Southern California Moment and Magnitude Scales from the SCEC/USGS Community Stress Drop Validation Study

Annemarie S. Baltay, & Rachel E. Abercrombie

Submitted July 1, 2024, SCEC Contribution #13468

We illustrate the systematic difference between moment magnitude and local magnitude, compared to seismic moment, for the SCEC/USGS Community Stress Drop Validation Study 2019 Ridgecrest data set, caused by underlying earthquake source physics.
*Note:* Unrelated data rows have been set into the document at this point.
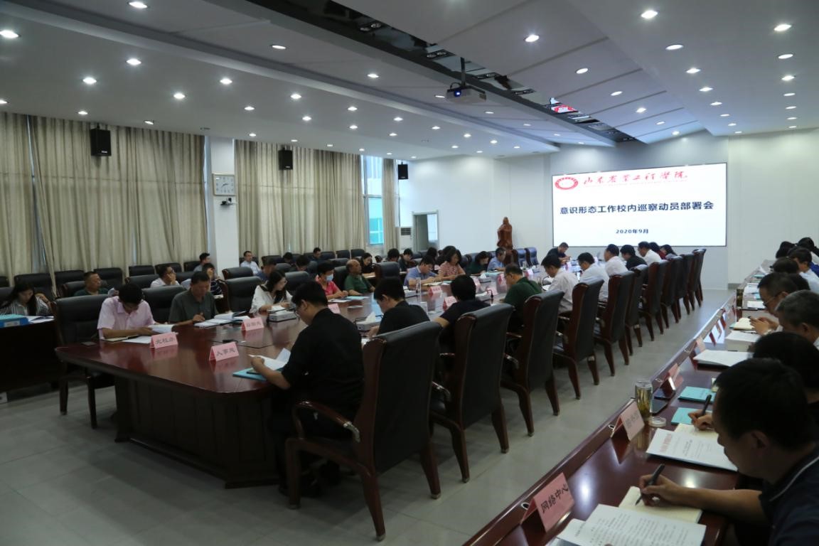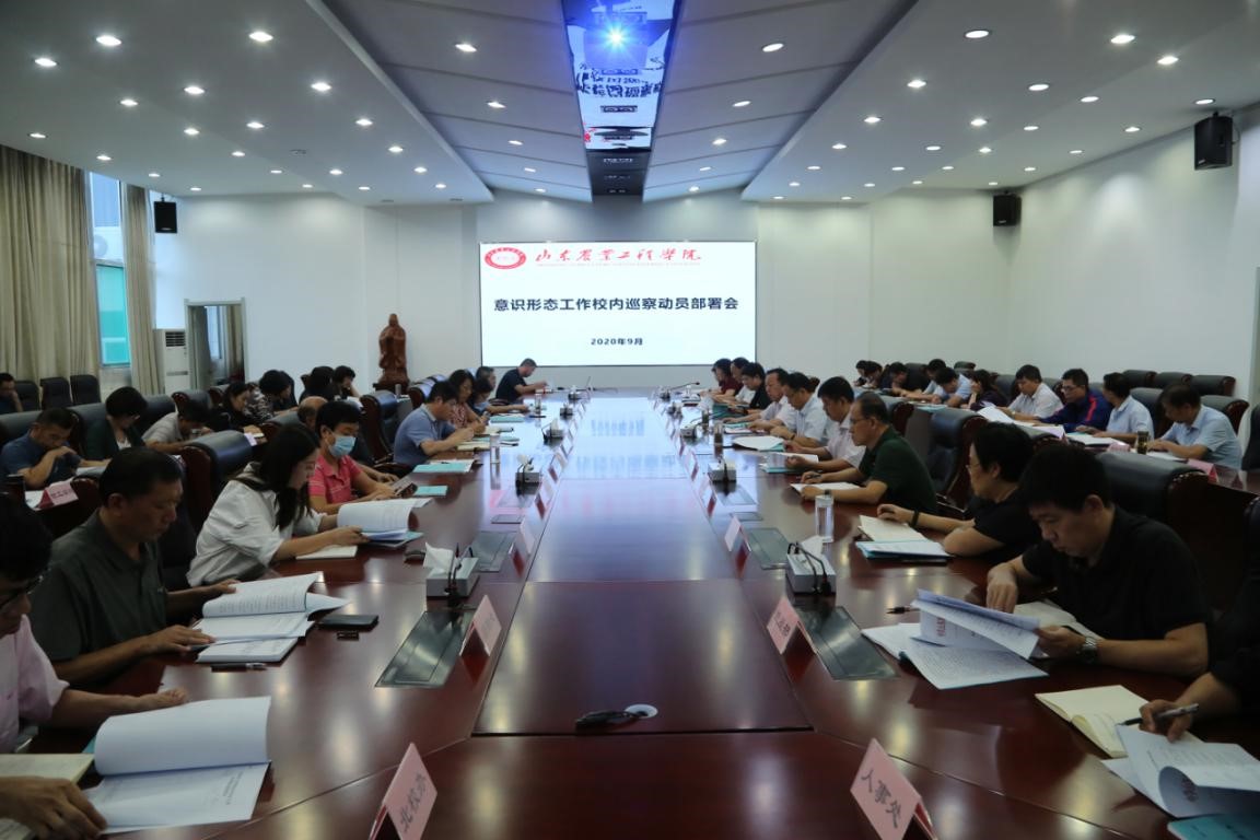 9月21日下午,今年会意识形态工作校内巡察部署会议在济南校区办公楼四楼会议室召开,校党委书记丁希滨出席会议并讲话,党委副书记张业赏主持会议。各职能部门、各二级学院(部)主要负责同志,意识形态工作校内巡察工作组全体成员参加会议。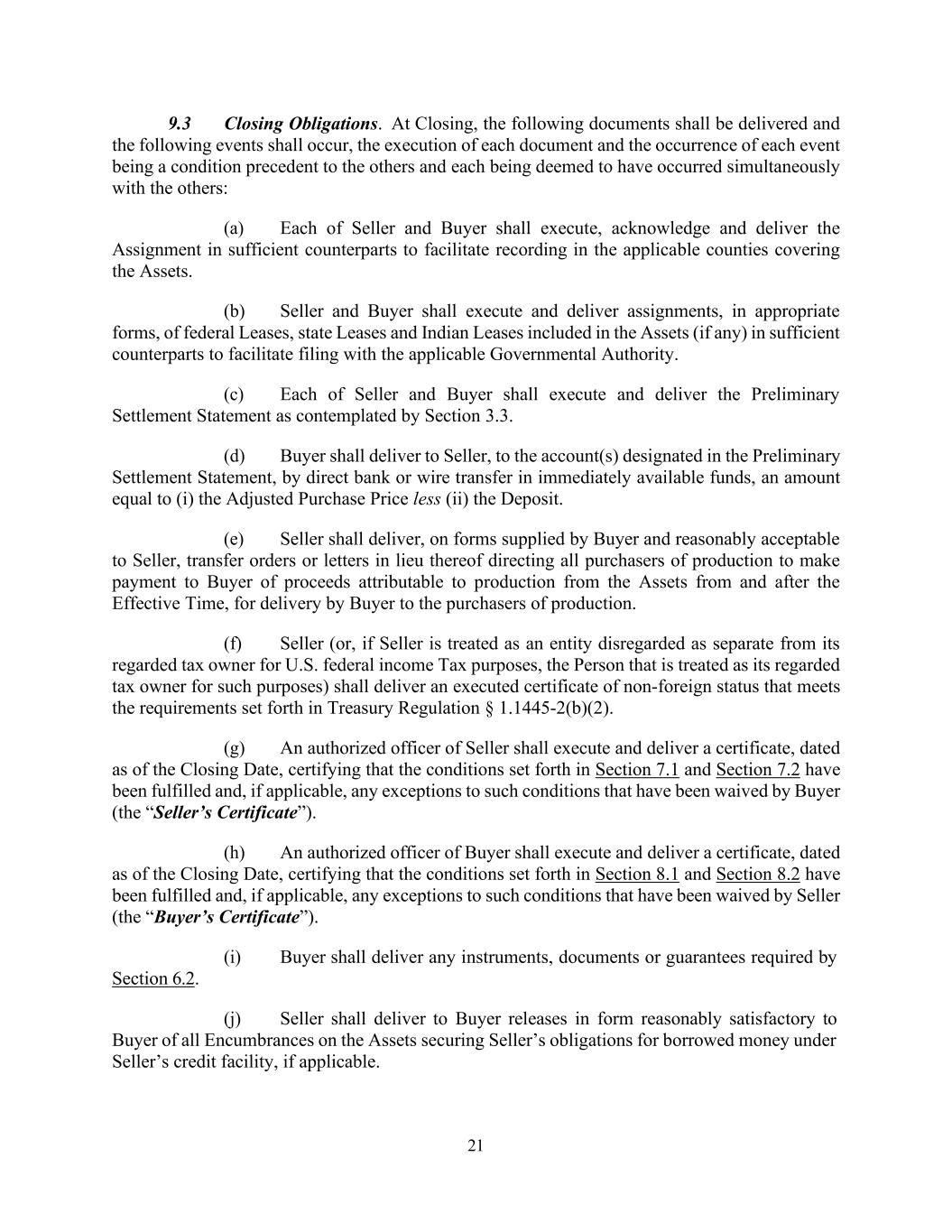 21 9.3 Closing Obligations. At Closing, the following documents shall be delivered and the following events shall occur, the execution of each document and the occurrence of each event being a condition precedent to the others and each being deemed to have occurred simultaneously with the others: (a) Each of Seller and Buyer shall execute, acknowledge and deliver the Assignment in sufficient counterparts to facilitate recording in the applicable counties covering the Assets. (b) Seller and Buyer shall execute and deliver assignments, in appropriate forms, of federal Leases, state Leases and Indian Leases included in the Assets (if any) in sufficient counterparts to facilitate filing with the applicable Governmental Authority. (c) Each of Seller and Buyer shall execute and deliver the Preliminary Settlement Statement as contemplated by Section 3.3. (d) Buyer shall deliver to Seller, to the account(s) designated in the Preliminary Settlement Statement, by direct bank or wire transfer in immediately available funds, an amount equal to (i) the Adjusted Purchase Price less (ii) the Deposit. (e) Seller shall deliver, on forms supplied by Buyer and reasonably acceptable to Seller, transfer orders or letters in lieu thereof directing all purchasers of production to make payment to Buyer of proceeds attributable to production from the Assets from and after the Effective Time, for delivery by Buyer to the purchasers of production. (f) Seller (or, if Seller is treated as an entity disregarded as separate from its regarded tax owner for U.S. federal income Tax purposes, the Person that is treated as its regarded tax owner for such purposes) shall deliver an executed certificate of non-foreign status that meets the requirements set forth in Treasury Regulation § 1.1445-2(b)(2). (g) An authorized officer of Seller shall execute and deliver a certificate, dated as of the Closing Date, certifying that the conditions set forth in Section 7.1 and Section 7.2 have been fulfilled and, if applicable, any exceptions to such conditions that have been waived by Buyer (the “Seller’s Certificate”). (h) An authorized officer of Buyer shall execute and deliver a certificate, dated as of the Closing Date, certifying that the conditions set forth in Section 8.1 and Section 8.2 have been fulfilled and, if applicable, any exceptions to such conditions that have been waived by Seller (the “Buyer’s Certificate”). (i) Buyer shall deliver any instruments, documents or guarantees required by Section 6.2. (j) Seller shall deliver to Buyer releases in form reasonably satisfactory to Buyer of all Encumbrances on the Assets securing Seller’s obligations for borrowed money under Seller’s credit facility, if applicable.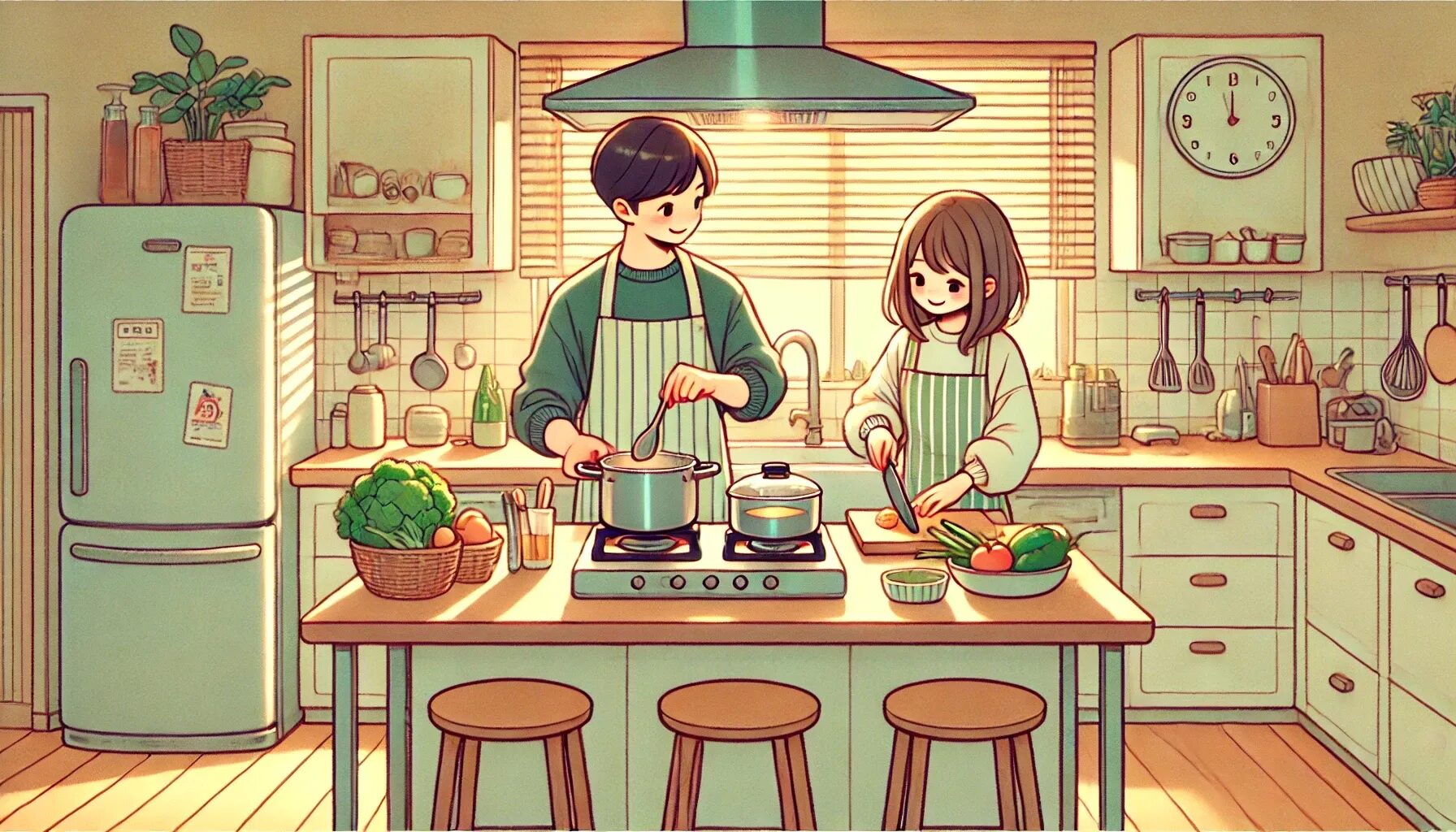 - **”Organize Shared Workspace”**To effectively utilize limited kitchen space, clearly dividing work areas is helpful. Work flows more smoothly when you organize traffic flow, such as designating the right side of the counter for prep and the left side for cooking. Also, place frequently used utensils and seasonings in the center where both people can easily access them.

While the relationship between seismic moment and moment magnitude log10(M0) ~ 1.5* M is uniformly valid for all earthquake sizes [Hanks and Kanamori, 1979], the relationship between local magnitude ML and moment is itself magnitude dependent. For moderate events, ~3< M < ~7, M and M­L are coincident; for earthquakes smaller than ~M3, ML ~ 1.0 log M0 [Hanks and Boore, 1984]. This is a consequence of the corner frequency fc becoming larger and thus close to, or greater than, the upper frequency of observation, and implies that ML and M differ by a factor of 1.5 for these small events. While this idea is not new, we propose a new, continuous relationship between local magnitude and moment, for magnitudes 2 to 6 which extrapolates to smaller and larger magnitudes, applicable to southern California specific to the Ridgecrest region. We make use of the plethora of seismic moments as submitted by many participants of the Community Stress Drop study, compared to the Southern California Seismic Network (SCSN) catalog magnitudes. Overall, the seismic moments in the Community Study recover moment magnitude well, so we use our new ML-MO to convert ML to M, essentially recovering the SCSN operational MLr scale. This systematic difference between local and moment magnitude has implications for spectral stress drop estimates, earthquake ground motion modeling, as well as other magnitude scales and earthquake statistics.

Citation
Baltay, A. S., & Abercrombie, R. E. (2024). Southern California Moment and Magnitude Scales from the SCEC/USGS Community Stress Drop Validation Study. Bulletin of the Seismological Society of America, (submitted).